Bannan Barbra A, Van Etten Jamie, Kohler John A, Tsoi Yui, Hansen Nicole M, Sigmon Stacey, Fowler Elizabeth, Buff Haley, Williams Tiffany S, Ault Jeffrey G, Glaser Robert L, Korey Christopher A
Department of Biology; College of Charleston; Charleston, South Carolina, USA.
Fly (Austin). 2008 Jul-Aug;2(4):198-214. doi: 10.4161/fly.6621.

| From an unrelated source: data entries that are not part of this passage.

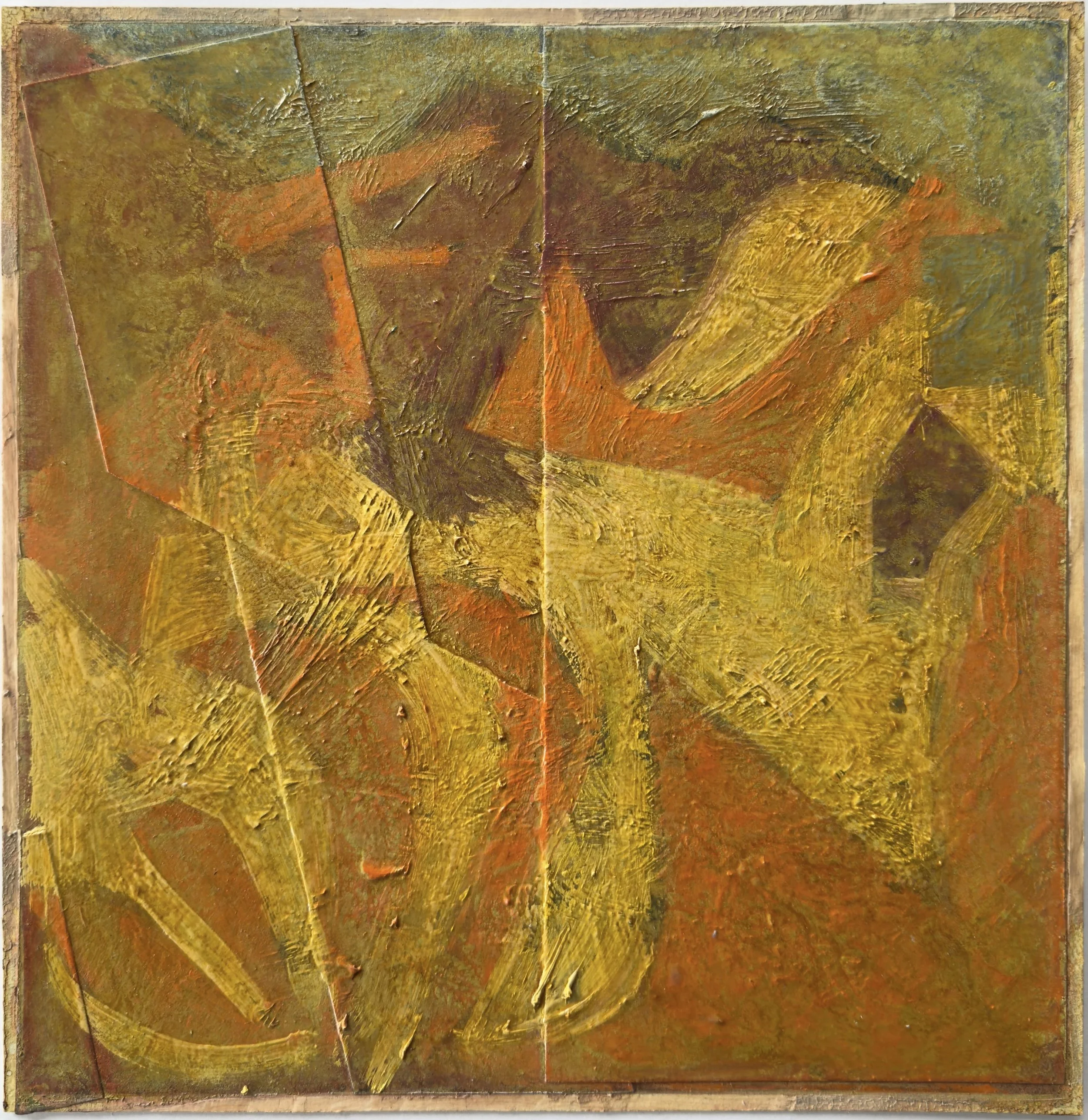 Evening, 2018-2025, oil and collage on panel, 35 x 34.5 cm
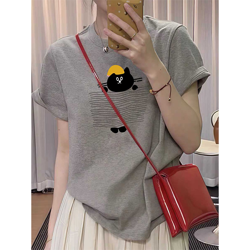 正肩纯棉短袖t恤女士2025新款流行时尚百搭洋气高级灰色上衣夏季
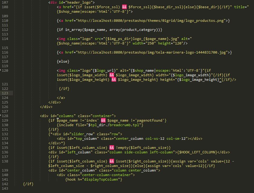 telamarinera Posted November 5, 2015 Author Share Posted November 5, 2015 Lo has entendido perfectamente y la explicacion no era demasiado completa. La url en el ejemplo que te he puesto seria la misma en todos los casos( solo esta condicionada la imagen), apuntando al dominio principal con o sin certificado ssl, al dominio principal en cualquier caso vaya ( midominio.com), es la que esta por defecto <a href="{if $force_ssl}{$base_dir_ssl}{else}{$base_dir}{/if}" title="{$shop_name|escape:'html':'UTF-8'}"> en caso de que quieras condicional tambien para cada logo puedes añadirla la url directamente entre la comillas <a href="http://www.midominio.com/subdominio"> Y se tiene que incluir todo el enlace, url e imagen en el condicional Buenas de nuevo, Añadí el código tal que así: <div id="header_logo"> <a href="{if isset($force_ssl) && $force_ssl}{$base_dir_ssl}{else}{$base_dir}{/if}" title="{$shop_name|escape:'html':'UTF-8'}"> {<a href="http://localhost:8080/prestashop/themes/01grid/img/logo_productos.png">} {if in_array($page_name, array(product,category))} <img class="logo" src="{$img_ps_dir}logo_{$page_name}.jpg" alt="{$shop_name|escape:'html':'UTF-8'}" width="250" height="120"/> {<a href="http://localhost:8080/prestashop/img/tela-marinera-logo-1444831700.jpg">} {else} <img class="logo"{$logo_url}" alt="{$shop_name|escape:'html':'UTF-8'}"{if isset($logo_image_width) && $logo_image_width} width="{$logo_image_width}"{/if}{if isset($logo_image_height) && $logo_image_height} height="{$logo_image_height}"{/if}/> {/if} </a> </div> No funciona pero creo saber una parte, que es que alguna llave no está cerrada, por los colores que lanza el sublime text. No sé si habrá algo más mal puesto por mi parte, que no me extrañaría. Gracias de antebrazo Ventura Link to comment Share on other sites More sharing options...
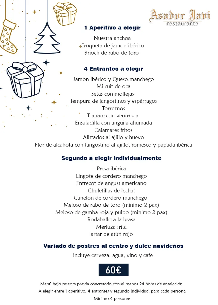 En Restaurante Asador Javi hemos diseñado un menú de Navidad y para grupos con los mejores ingredientes y un toque de creatividad.
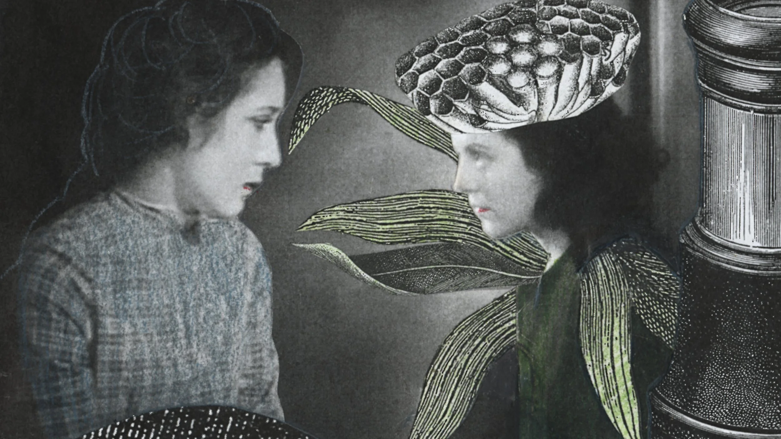 Mary Pickford and Janet Gaynor, seamlessly lifted from early silent films, are cast into a surreal epic with an upending of the Frankenstein story and a contemporary undercurrent of hive collapse. In this handmade film, Stacey Steers selects sequences from early cinematic sources, prints the frames, and re-contextualizes the action, allowing the “story” assembled from appropriated images to evolve. She inserts her actors into newly imagined collage environments, built by hand from fragments of 19th century engravings and illustrations. Edge of Alchemy is the third film in a trilogy examining women’s inner worlds. Music by the Polish composer Lech Jankowski.
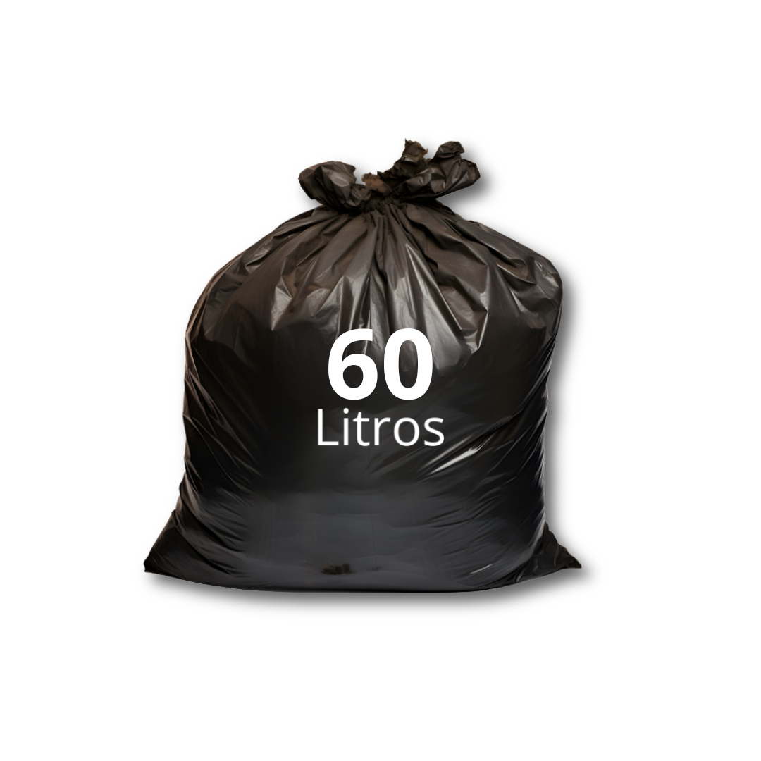 Saco de lixo preto, capacidade 60 litros, fabricado pela Badenplast. Indicado para acondicionamento e descarte de resíduos comuns em ambientes domésticos, comerciais e institucionais. Embalagem com 100 unidades, dimensões compatíveis com lixeiras médias.
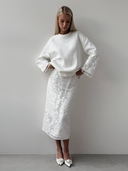 35% İndirimDantel Kollu Beyaz Sweatshirt
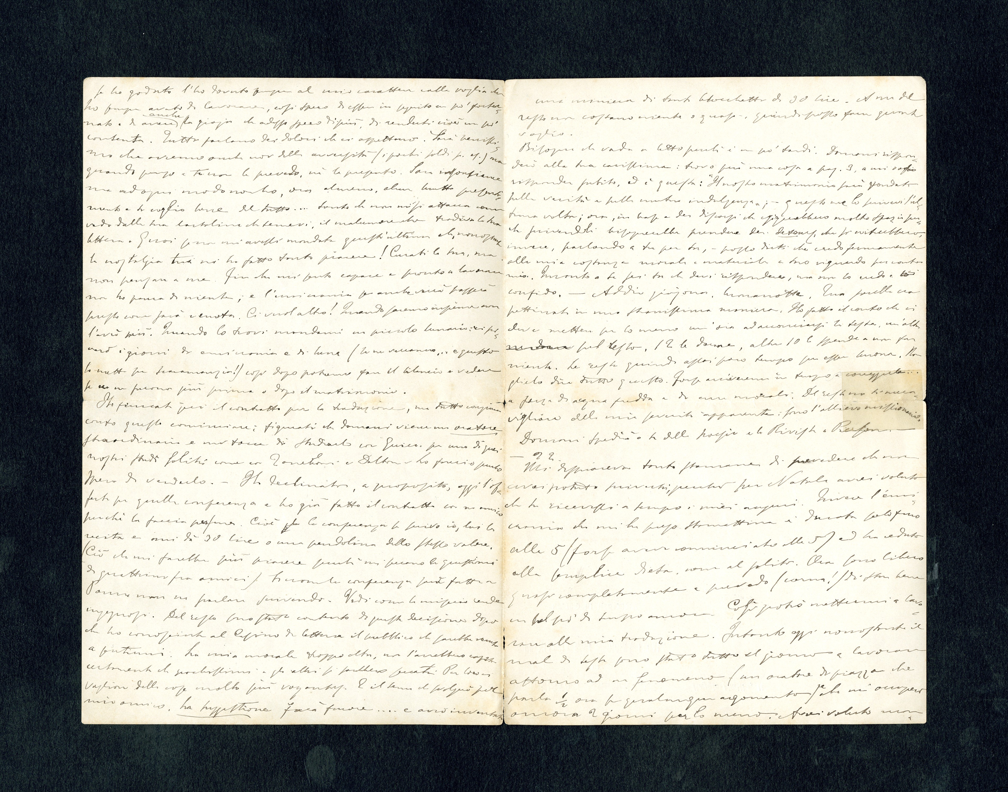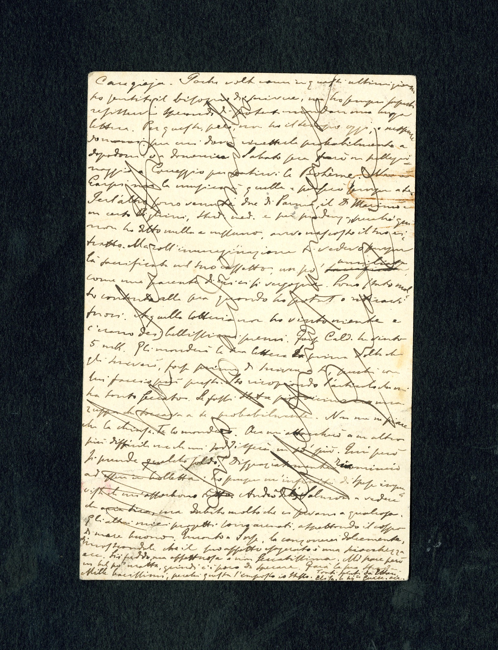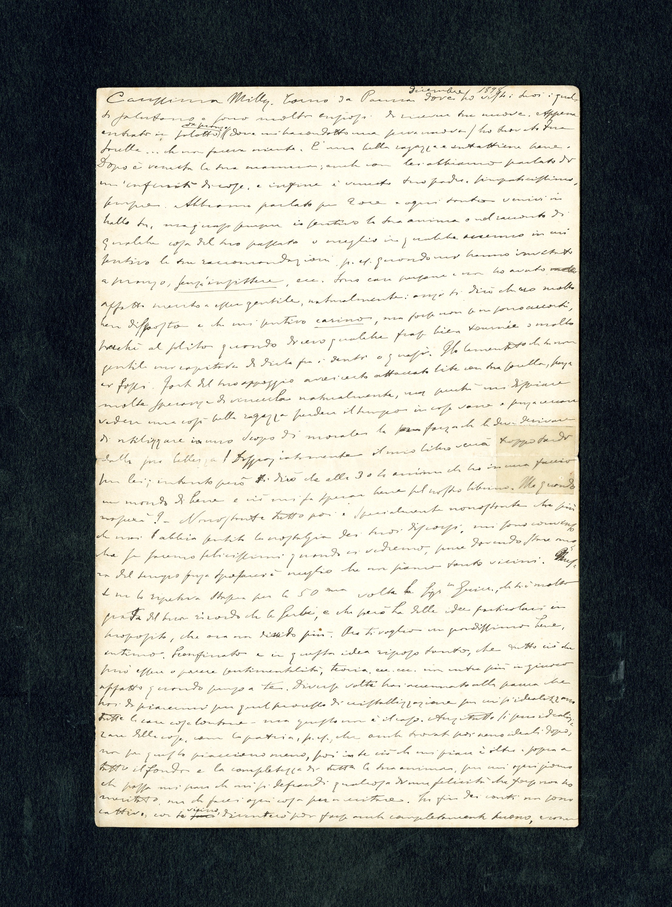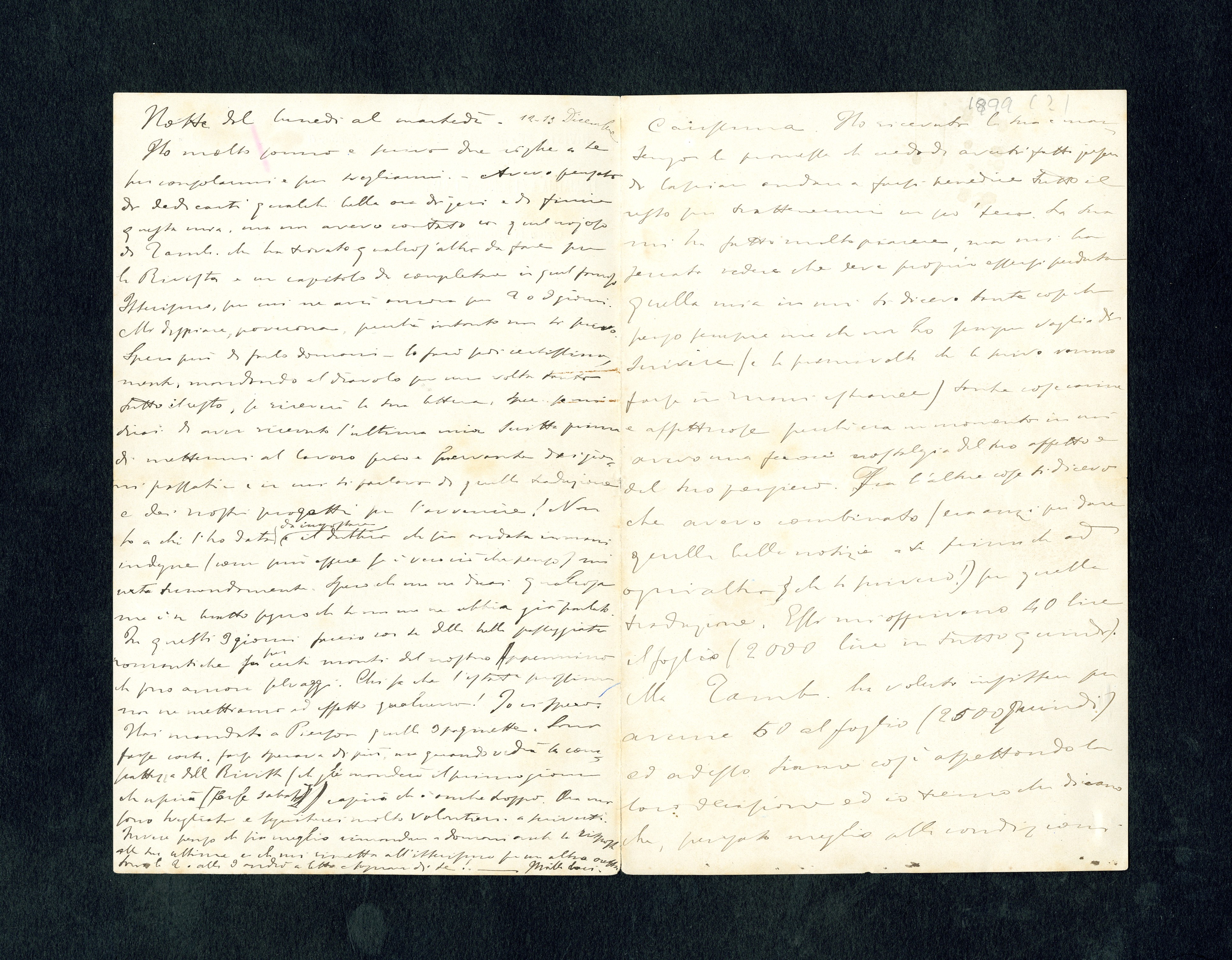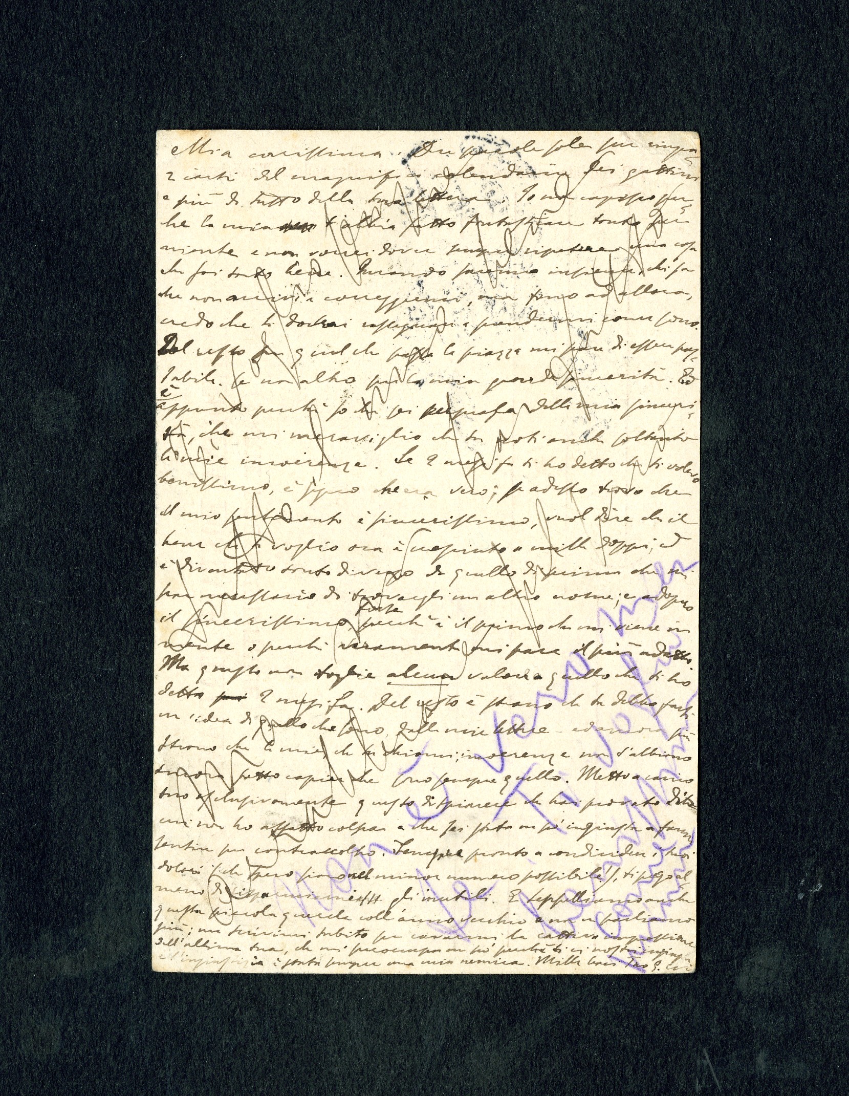 2) Reggio Emilia, dicembre 1898: le racconta di essere stato a casa Giordani, di essersi trovato bene, di aver parlato con sua madre e suo padre che è “simpaticissimo”. Notifica di aver firmato il contratto per la traduzione di James [I "Principi di psicologia" di William James] e scrive di aver lavorato “tutto il giorno [...] attorno ad un fenomeno (un oratore da piazza che parla ½ ora su qualunque argomento) e che mi occuperà ancora 2 giorni per lo meno”. Le spiega di averle mandato le poesie di Carducci come regalo di Natale, di aver spedito la Rivista a Reginald Henry Pierson e che non andrà dalla sorella Selene per la Vigilia. Le spiega di aver mostrato poco il suo ritratto per paura di perderlo e di tenerlo sempre sul suo tavolo.

Palmitoylation is the post-translational addition of a palmitate moiety to a cysteine residue through a covalent thioester bond. The addition and removal of this modification is controlled by both palmitoyl acyl-transferases and thioesterases. Using bioinformatic analysis, we identified 22 DHHC family palmitoyl acyl-transferase homologs in the Drosophila genome. We used in situ hybridization,RT-PCR, and published FlyAtlas microarray data to characterize the expression patterns of all 22 fly homologs. Our results indicate that all are expressed genes, but several, including CG1407, CG4676, CG5620, CG6017/dHIP14, CG6618, CG6627 and CG17257 appear to be enriched in neural tissues suggesting that they are important for neural function. Furthermore, we have found that several may be expressed in a sex-specific manner with adult male specific expression of CG4483 and CG17195. Using tagged versions of the DHHC genes, we demonstrate that fly DHHC proteins are primarily located in either the Golgi Apparatus or Endoplasmic Reticulum in S2 cells, except for CG1407, which was found on the plasma membrane. We also characterized the subcellular localization and expression of the three known thioesterases: Palmitoyl-protein Thioesterase 1 (Ppt1), Palmitoyl-protein Thioesterase 2 (Ppt2)and Acyl-protein Thioesterase 1 (APT1). Our results indicate that Ppt1 and Ppt2 are the major lysosomal thioesterases while APT1 is the likely cytoplasmic thioesterase. Finally, in vivo rescue experiments show that Ppt2 expression cannot rescue the neural inclusion phenotypes associated with loss of Ppt1, further supporting distinct functions and substrates for these two thioesterases. These results will serve as the basis for a more complete understanding of the protein palmitoylome's normal cellular functions in the fly and will lead to further insights into the molecular etiology of diseases associated with the mis-regulation of palmitoylation.
棕榈酰化是指通过共价硫酯键将棕榈酸部分翻译后添加到半胱氨酸残基上的过程。这种修饰的添加和去除由棕榈酰酰基转移酶和硫酯酶共同控制。通过生物信息学分析,我们在果蝇基因组中鉴定出22个DHHC家族棕榈酰酰基转移酶同源物。我们使用原位杂交、逆转录聚合酶链反应(RT-PCR)以及已发表的果蝇图谱微阵列数据来表征所有22个果蝇同源物的表达模式。我们的结果表明,所有这些都是表达基因,但其中几个,包括CG1407、CG4676、CG5620、CG6017/dHIP14、CG6618、CG6627和CG17257,似乎在神经组织中富集,这表明它们对神经功能很重要。此外,我们发现其中几个可能以性别特异性方式表达,CG4483和CG17195在成年雄性中特异性表达。使用带有标签的DHHC基因版本,我们证明果蝇DHHC蛋白主要位于S2细胞中的高尔基体或内质网中,除了在质膜上发现的CG1407。我们还表征了三种已知硫酯酶的亚细胞定位和表达:棕榈酰蛋白硫酯酶1(Ppt1)、棕榈酰蛋白硫酯酶2(Ppt2)和酰基蛋白硫酯酶1(APT1)。我们的结果表明,Ppt1和Ppt2是主要的溶酶体硫酯酶,而APT1可能是细胞质硫酯酶。最后,体内拯救实验表明,Ppt2的表达不能挽救与Ppt1缺失相关的神经包涵体表型,进一步支持了这两种硫酯酶具有不同的功能和底物。这些结果将为更全面地了解果蝇中蛋白质棕榈酰化组的正常细胞功能奠定基础,并将有助于进一步深入了解与棕榈酰化失调相关疾病的分子病因。